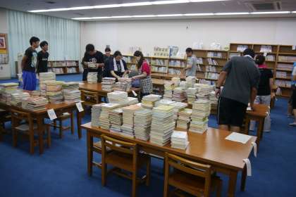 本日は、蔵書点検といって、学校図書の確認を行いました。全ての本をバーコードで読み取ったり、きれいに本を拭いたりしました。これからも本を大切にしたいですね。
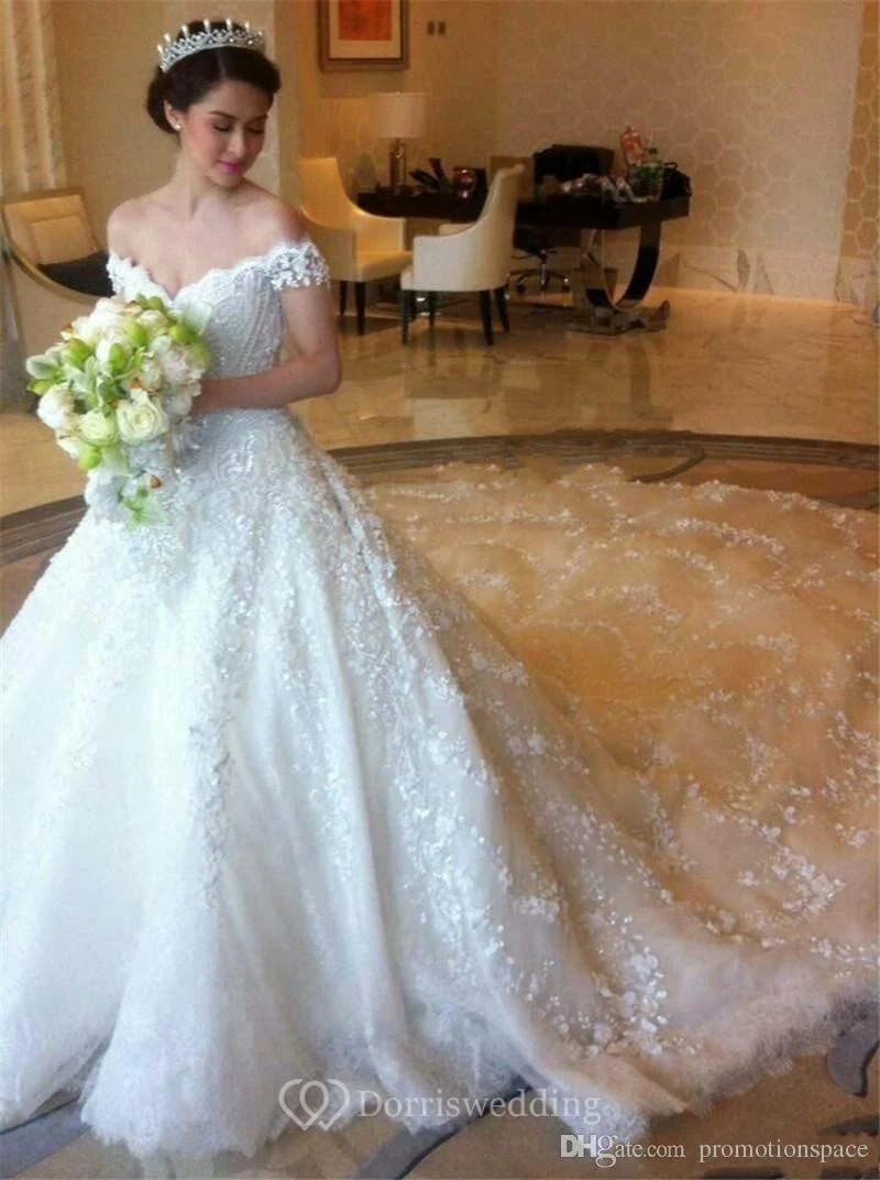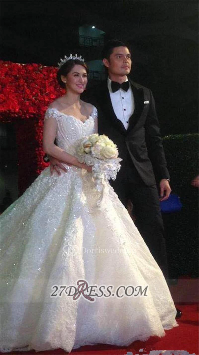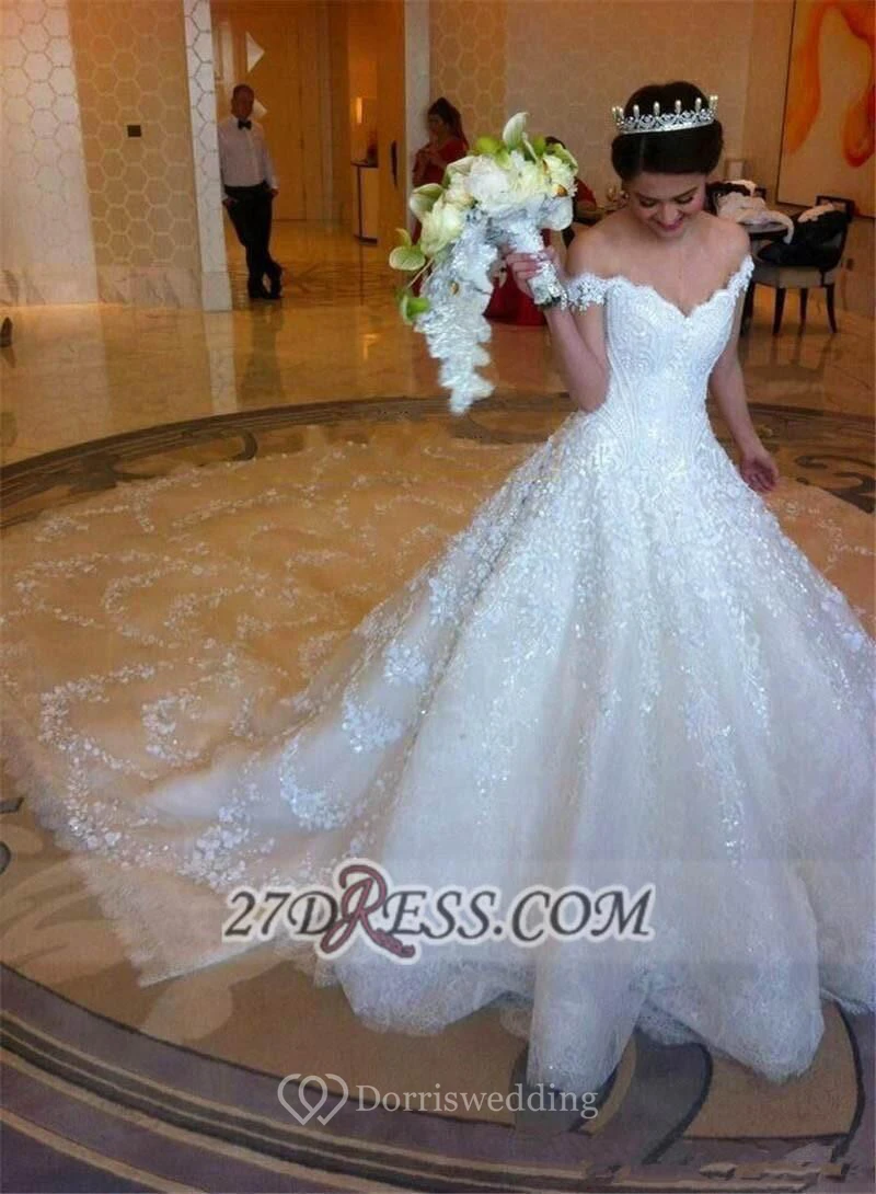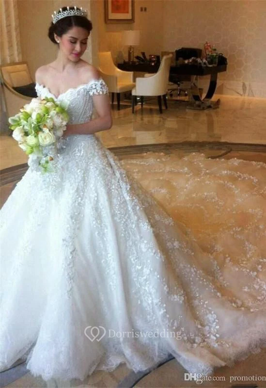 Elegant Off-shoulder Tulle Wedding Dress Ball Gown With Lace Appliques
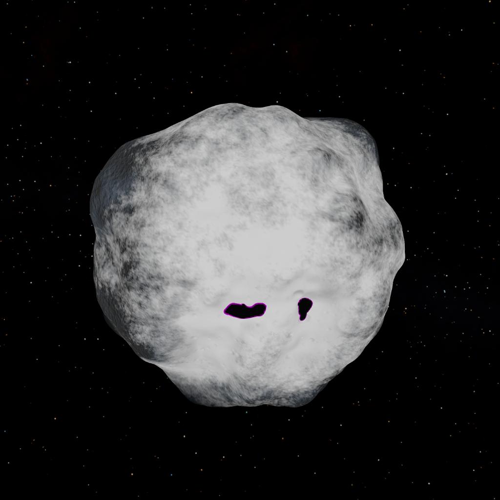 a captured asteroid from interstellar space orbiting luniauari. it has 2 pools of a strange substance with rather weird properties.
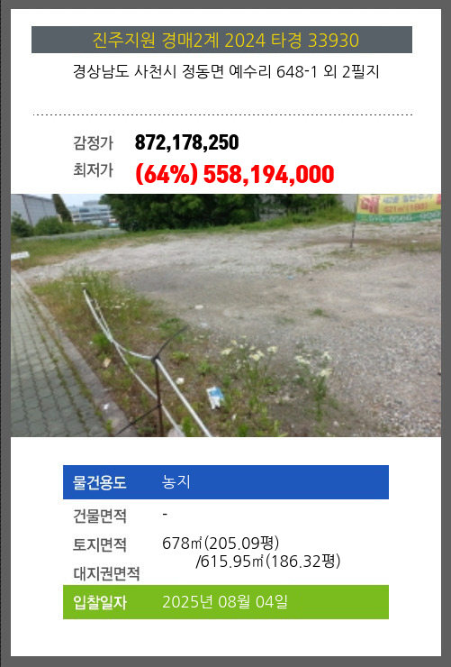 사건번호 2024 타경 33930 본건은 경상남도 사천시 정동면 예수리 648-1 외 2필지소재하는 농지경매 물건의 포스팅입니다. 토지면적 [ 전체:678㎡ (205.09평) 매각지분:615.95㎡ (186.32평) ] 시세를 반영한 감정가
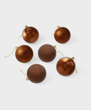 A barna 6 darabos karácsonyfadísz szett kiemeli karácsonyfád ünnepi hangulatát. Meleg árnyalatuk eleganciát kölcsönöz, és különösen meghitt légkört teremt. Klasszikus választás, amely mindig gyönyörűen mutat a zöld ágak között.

Work order:
Reproduce the data above word for word, but leave the images out.

Reply to the task:
 本日は、蔵書点検といって、学校図書の確認を行いました。全ての本をバーコードで読み取ったり、きれいに本を拭いたりしました。これからも本を大切にしたいですね。
 Elegant Off-shoulder Tulle Wedding Dress Ball Gown With Lace Appliques
 a captured asteroid from interstellar space orbiting luniauari. it has 2 pools of a strange substance with rather weird properties.
 사건번호 2024 타경 33930 본건은 경상남도 사천시 정동면 예수리 648-1 외 2필지소재하는 농지경매 물건의 포스팅입니다. 토지면적 [ 전체:678㎡ (205.09평) 매각지분:615.95㎡ (186.32평) ] 시세를 반영한 감정가
 A barna 6 darabos karácsonyfadísz szett kiemeli karácsonyfád ünnepi hangulatát. Meleg árnyalatuk eleganciát kölcsönöz, és különösen meghitt légkört teremt. Klasszikus választás, amely mindig gyönyörűen mutat a zöld ágak között.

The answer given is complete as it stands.